No. 4: Discrimination based on intersectionality. This new California law makes explicit that discrimination based on a combination of protected classes (such as race and gender) is unlawful. Most companies’ policies already address this. Relatedly, discrimination based on “protective hairstyles” (like braids, locs and twists) is unlawful. 

Recommendation: Review your policies on discrimination and harassment, and make sure they cover Intersectionality. 

No. 5: PAGA reform “reasonable steps.” The reform from last summer to the state Private Attorneys General Act will not change much but it does give employers a few breaks, including a significant break (up to an 85 percent discount) on PAGA penalties if employers have taken “reasonable steps“ to comply with the Labor Code. 

Recommendation: Conduct a wage-hour audit, prepare and disseminate written policies if you have not done so already, train employees and supervisors on those written policies and document the training, and take appropriate corrective action against managers who fail to implement policies and document such actions. These four items are listed in the PAGA reform statute.

No. 6: Independent contractors providing “professional services.” Under the new Freelance Worker Protection Act, each itinerant worker who provides professional services (defined by Labor Code 2778, which is somewhat broad) must have a written contract where the amount paid is more than $250 for a 120-day period. 

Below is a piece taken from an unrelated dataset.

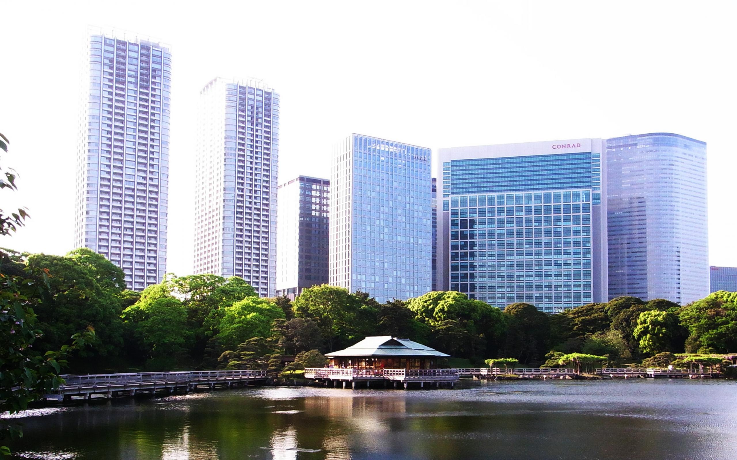 Wallpaper Lake on the background buildings in Tokyo

Recommendation: Determine whether your independent contractors are providing arguably “professional services,” and if so provide them with a template written agreement. 

No. 7: Industry-specific minimum wage increases. The health care minimum wage for employees of large health care employers increased to $23 an hour, effective January 1. Some additional minimum wage increases for health care workers are scheduled for June and July. The minimum salaries for managers in that industry are also affected. In the fast food industry, the state has set a minimum wage of $20 an hour. Many cities and counties have their own minimum wages, but unlike the state laws affecting health care and fast food workers, the city and county minimums do not affect minimum salaries for managers.  Industry minimum wages for others are $21 an hour, and still others are $18 an hour. 

Recommendation:  Make sure you know where you stand.

No. 8: Whistleblower rights notice. California requires that employers post a workplace notice informing employees about their rights under the state whistleblower laws. The California Labor Commissioner has published a model notice, which is available here.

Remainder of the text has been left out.